Brother Joachim wishes the venerable Abbot who by God's grace is Lord of Valdona 2 an abundance of the power of God's love.
The true knowledge approved in Christ's sermons is that which is experienced in a vision by the spirit of piety and not that which is seen in bodily form by the eyes of the flesh. The bearer of this letter is Brother Al. of your monastery who came here and told me how your friendship, based solely on God and your own goodness, cherishes my lowliness. With complete trust in my ability he urged me in the heart of Christ ( Phil. 1:8) to write something to your friendship, as if I were in debt to the love that shines out in you. Instead of displaying gratitude, I should thus appear to be someone who pays back grudgingly and ungratefully. He forced this letter from me rather than received it. This is not because I disdain requests, or, heaven forbid, despise them in my pride, but because a little later on, through the agency of the same brother, I was not able to "sing a song of Sion" ( Ps. 136:3) within the borders of Babylon. 3 I should prefer to write these things to a friend caught in the toils of the Great Whore in order that they might forestall rejoicing. 4 Rather than the "song of Sion," we ought to cry out, "By the waters of Babylon there we sat and wept" ( Ps. 136:1).
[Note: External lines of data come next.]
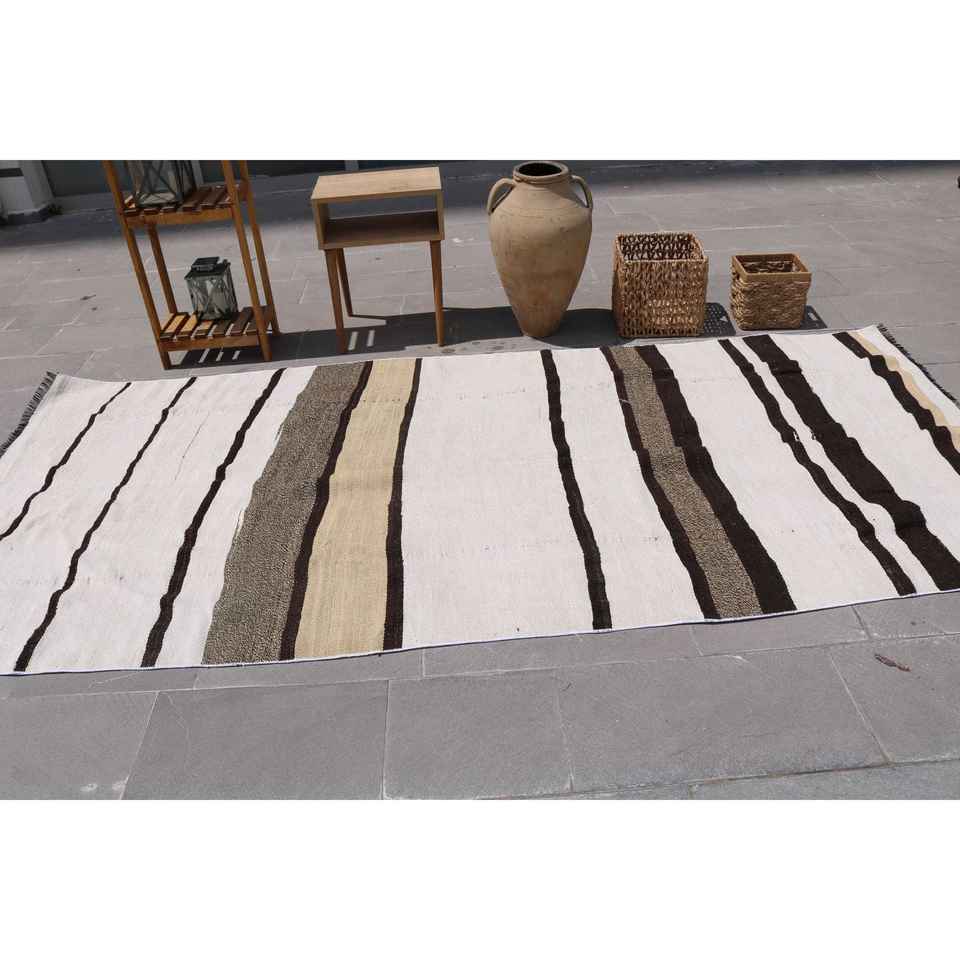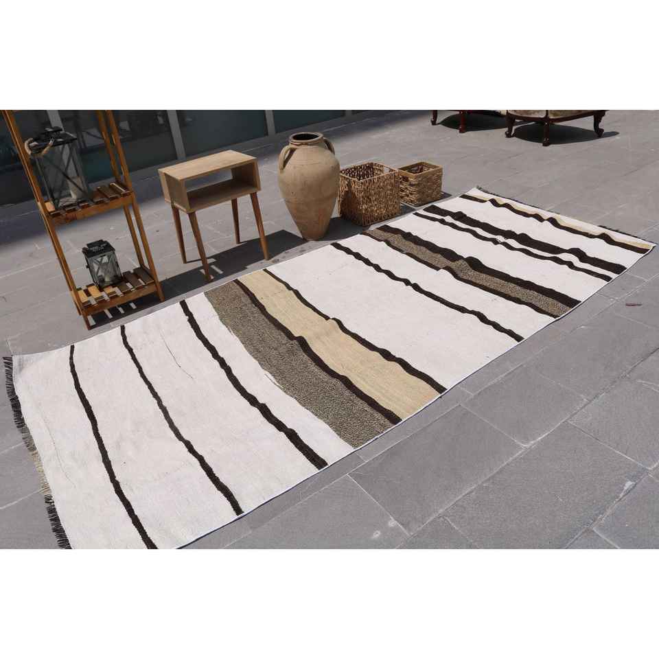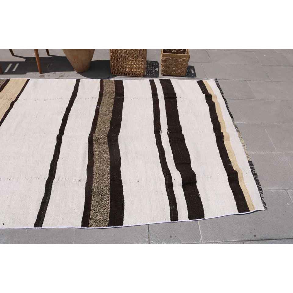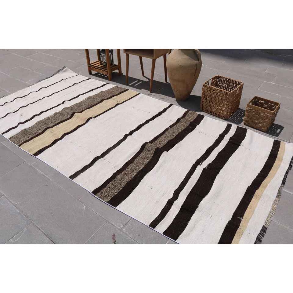 Turkish Rug, 4.5x10.1 ft Large Rug, White Brown Wool Rug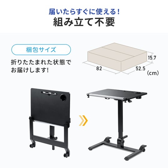 組み立て不要、届いたらすぐに使用することができる折りたたみガス圧式昇降デスク「100-ERD044W」に新色のブラックが登場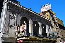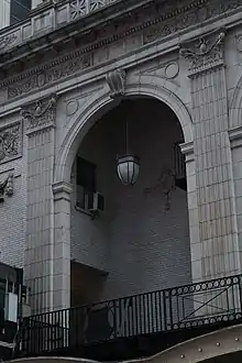 The auditorium's second and third stories contain outer bays that flank a loggia with three arches. Each arch has a keystone with a console bracket, and they are flanked by pilasters with Corinthian-style capitals with terracotta swans.[15][20] The bottoms of the central bays contain an iron railing.[16] Behind the arches is a fire stair and a brick wall with terracotta lyres, swags, and bellflowers.[15][22] The outer bays contain white-brick wall sections, which are topped by swags and rectangular panels with masks. There are pilasters next to each of the outer bays, and a sign with the theater's name is suspended from the easternmost bay.[20][23] Running above the facade is a entablature, containing a frieze with panels, shields, and rinceaux, as well as a cornice supported by terracotta modillions. The roof of the auditorium has a terracotta balustrade with urns that divide it into bays. The center three bays of the balustrade have latticework while the outer bays have shields and foliate decorations. Another brick parapet, with terracotta coping, runs behind the terracotta balustrade.[22][23]

It is almost evening. We have been brought to the sunset of this life. For an hour we must put up with weeping so that in the morning we may find joy ( Ps. 29:5). Now is the time for the elect to weep over the imminent destruction of that youngest Babylon lest perchance we share in her sins and be forced to partake of her punishments, as if we did not have the letter Thau written on our foreheads ( Ezech. 9:4-6; Apoc. 7:4) and were not able to avoid her threatening destruction. 5 "Behold, the day of the Lord is coming; it is a cruel day, one full of shame, a day of wrath and fury that will make the earth waste and wipe out sinners" ( Isa. 13:9).